ARCH collection files provide a glimpse of the domains present in a web archive collection. These may be especially useful in conjunction with other ARCH datasets. Learn more...
ARCH network files represent how websites or domains have linked to each other over time, as well as how hyperlinked images have been used. Learn more...
ARCH full text datasets present the full text of the sites in web archives on one line each, along with accompanying metadata and other web elements including html, css, js, json, and xml. Learn more...
File formats ⇣
ARCH binary information datasets contain information on certain types of binary files found within web archive collections, including PDFs, audio, images, PowerPoints, spreadsheets, video, and Word documents. Learn more...
How to create and view datasets
ARCH is offered as an add-on subscription for current Archive-It partners and is also available to independent researchers patrons upon request. Once activated within an Archive-It account's web application, the "ARCH" tab will appear in the top navigational menu bar:
Collection Analysis Page
The ARCH tab presents a list of collections, provides basic information about the most recent analysis conducted, and other collection-based metadata. Table headers can be used to sort columns.
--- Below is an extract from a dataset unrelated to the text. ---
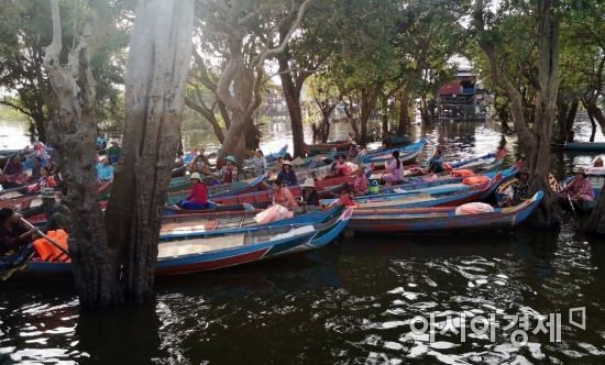 선착장 초입을 빠져나오니 곧 광활한 수평선이 보였다. 친구가 “바다가 좀 특이하지?” 라기에 믿었다. 그도 그럴 것이 톤레삽은 동남아시아에서 가장 큰 호수다. 한참을 가다 보니 바다에 수상 가옥들이 나왔다. 그러다 경찰서에 식당, 심지어 아이들이 옹기종기 모여 앉아 수업하고 있는 초등학교까지. 애매했다. 선장이 재미있는 것을 보여준다며 학교 근처에 배를 세웠다. 곧 학교에서 아이들이 쏟아져 나와 물로 들어가더니 한쪽으로 건물을 밀고 있는 게 아닌가? 물이 빠지면서 균형이 깨지면 애들과 선생님이 나와 하루에 한 차례씩 건물을 밀어 균형을 맞춘다고 했다. 그 모습이 귀여워 넋을 놓고 있는데 잠깐! 싸했다. 바다 한가운데서 아이들이 걷고 있다니! 순간 친구를 쳐다보니 이미 무릎을 꿇고 있었다. 이렇게 바보인증을 하며 곧 목적지에 도착했다. 그 순간 5분 전에 헤드록을 걸던 친구와 끌어안고 뛰었다. 눈 앞에 펼쳐진 광경을 믿을 수가 없어서다. 입이 떡 하니 벌어졌다. 이제껏 좋은 말로 해, 밀크티 같은 물색만 보다 바로 앞에 앤디 워홀의 메릴린 먼로를 형형색색 모아놓은 것 같은 색감을 보고 황홀한 기분까지 들었다. 울창한 숲이 통째로 물에 잠겨 있던 것이다.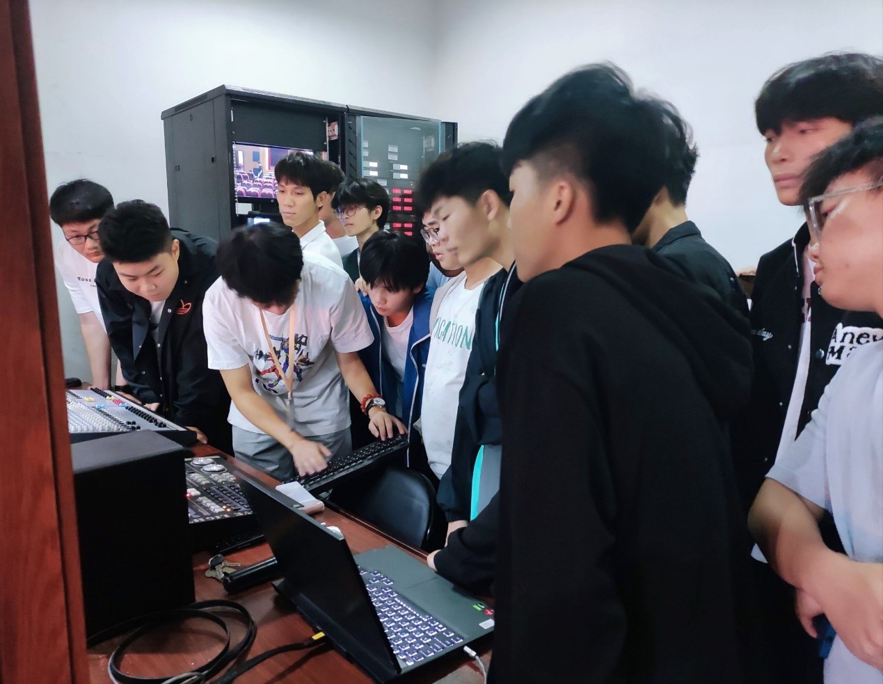 11月10日,《报告厅设备调试教学》在1626报告厅进行。由技术部昌晟一担任主讲。教学内容包括:报告厅舞台幕布使用、场地设备电路开关分布、控制室设备使用和维护。技术部干部组织干事们分为两组,对控制室和后台进行分批讲解,详细地将控制室设备的使用方法和常见故障维护与后台设备的控制方法传授给干事们。随后对PPT的展示、音频的投放和摄像头的控制逐步展开讲解,指出了成员日后在操作设备时可能会遇到的问题以及应对方案。化繁为简,层层递进,让干事们更好的接受、理解知识并实践运用,大大提高了成员的技术能力,为往后使用报告厅设备顺利举办大型活动,奠定了夯实的技术基础。

Click on the collection name to access its summary page.
This will bring you to the core of ARCH, where datasets can be generated, downloaded, and their status monitored. The Job Summary tab offers an overview of jobs being processed and those that have completed.
The collection overview provides basic metadata about the collection including its size and whether it is a public or private collection.
The Jobs in Process table identifies the stage and queue of any current jobs being run. If a job is in the queue, the table also notes its position.
The Completed Jobs table provides a summary of all the datasets that have been generated, noting an accompanying date/time stamp. Click on the job name to access an overview of the dataset along with metadata, download options, a preview, and an option to re-run the job.
Create datasets ⇣
To start a new job, you can either select “Start new job” or you can click on the Generate Datasets tab. When you do so, you can expand and browse each category, and the begin generating datasets.
NB: Each dataset presents two options. We strongly recommend running an Example Job first, especially when working with large collections (100GB+). This generates a small dataset. Reviewing this dataset should ensure that the analysis produced the desired kind of data. Accordingly, it also generates data far more quickly than does the Generate Dataset option.
- Generate Example Dataset: Generates a small dataset using the first 100 relevant records from the collection.
- Generate Dataset: Generates a large dataset using all of the records in your collection.
Once a job is initiated, the button will change to Running. When complete, click the View Example Dataset or View Dataset button. You can generate multiple datasets at a time and can navigate away from the page while the job is processed.
Remember that analysis is not instant. The larger the collection, the more time that datasets will require to be created. Some example jobs may complete in a few minutes, while some full jobs may take days to complete. In other words, the larger the collection, the more time needed to process and create the dataset. Additionally, keep in mind that multiple ARCH users can be generating datasets simultaneously.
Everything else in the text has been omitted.